Animal nomade, bien plus par nécessité que par besoin naturel, on le rencontre un peu partout en France

Description

Ongulé non ruminant, le sanglier est un gros animal au corps massif et tête (hure) massive, triangulaire (surtout chez le mâle ; cou court ; long museau (groin) mobile ; sa denture est bien spécifique. les quatre canines méritent quelque attention : les deux inférieures sont les défenses ; les deux supérieures sont les grès. Les laies sont en général moins fortement armés les canines toujours plus grêles, s'aiguisent à peine l'une sur l'autre.
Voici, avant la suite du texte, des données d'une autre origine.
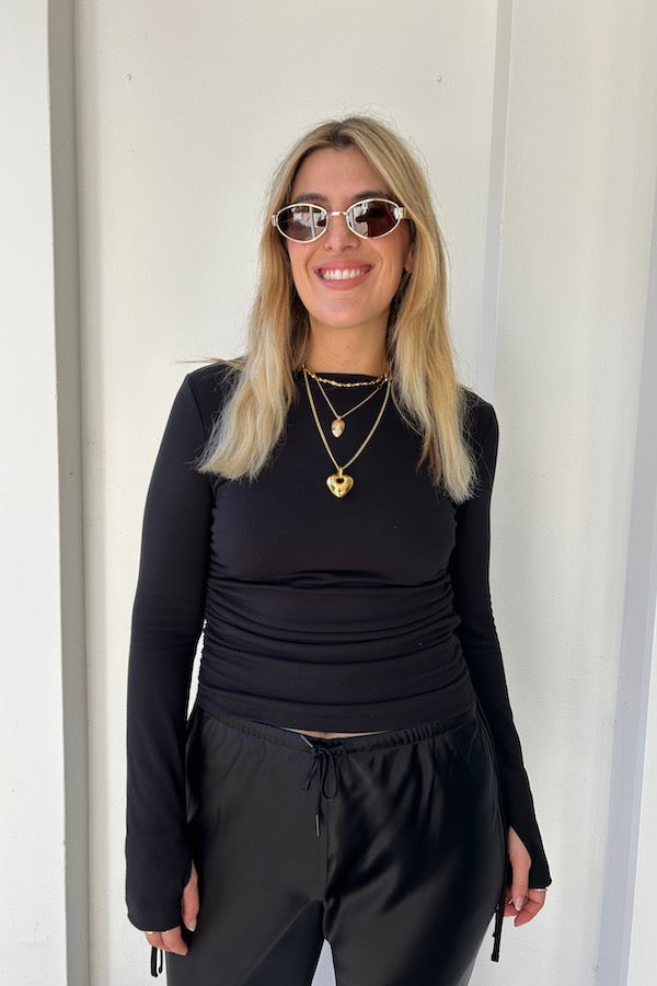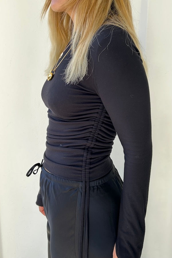 Embrace effortless sophistication with our Sneaky Link Lumi Cropped Top in White. Crafted from 95% bamboo and spandex, this soft long sleeve top offers versatility with adjustable tie sides, allowing you to wear it cropped or long to suit any occasion.

Sa couleur est variable, allant du brun foncé à un gris plus ou moins argenté ou au jaune paille ; ce sont des animaux bruns, tendant, tendant parfois au noir.
Le pelage d'été est plus clair et plus court que celui de l'hiver ; Il apparaît en mai pour être remplacé, dès le mois d'octobre par la bourre d'hiver ; au milieu de laquelle émergent des soies épaisses.
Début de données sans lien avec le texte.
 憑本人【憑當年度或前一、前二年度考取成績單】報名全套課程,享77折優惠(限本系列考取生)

Adultes, il atteint 0,90 m à 1,10 m au garrot, avec une longueur totale 1,80 m la queue dont la longueur n'est pas négligeable, varie de 15 à 30 cm ; la femelle ou laie, la porte basse, alors que chez le mâle elle est portée droite ou même incurvée vers le haut et se termine par un petit panache.
Son poids atteint, en France 150 kg et même quelques fois plus.


♦ Habitat

Le sanglier est un animal de Forêts feuillus et mixtes il s'y cantonne à sa guise selon les saisons : en été, il choisit les bordures de plaine et la proximité des étangs ; en hiver, les fourrés épais, les ravins encaissés près des points d'eau, et les pentes favorablement orientées.

♦ Nourriture

Le sanglier fait ses mangeures la nuit. D'un éclectisme alimentaire total, il lui faut la quantité et la qualité ; sa goinfrerie l'entraine à bien des excès en été dans les champs de céréales et en automne dans les pièces de pomme de terre, de betteraves et de maïs.
Il ne dédaigne pas pour autant les racines et les vers blancs, les vers de terre ; Il aime les fruits des arbres des forêts : faines, châtaignes et surtout les glands. Il complète souvent cette nourriture par des aliments azotés : mulots, œufs de toutes sortes, lapins , faisandeaux, jeunes faons, ou même des animaux morts.

♦ Mode de vie

Diurne et nocturne ; le jour, se repose souvent dans une bauge et se roule dans la boue (soins corporels). Vit en hardes familiales de plusieurs femelles et marcassins ; mâles adultes généralement solitaire (en dehors du rut). Pendant le rut, les mâles se battent pour les femelles. Les jeunes naissent généralement dans un nid de brindilles (chaudron).


♦ Reproduction

Le rut du sanglier commence quelques fois dans la dernière quinzaine de novembre et dure jusqu'au mois de janvier, mais plus ordinairement il a lieu dans le mois de décembre. Il n'y a guère que les races bâtardes qui entrent en chaleur un peu plus tôt et qui quoique rarement, éprouvent le sentiment deux fois par an.
Une portée de 3 à 10 jeunes en mars avril ; sevrés à 3 mois, ils prennent la nourriture solide dès la deuxième semaine ; changement de pelage vers 10-12 semaines. Indépendance vers 6 mois, maturité sexuelle à 9-12 mois.

♦ Avenir

Cette espèce est en augmentation constante. Elle est devenue très importante et cause des dégâts aux cultures, des accidents de la circulation. Le piégeage du sanglier est interdit. C'est en battue simple, battue avec chiens ou battue peignée - qu'il est le plus fréquemment chassé ou détruit.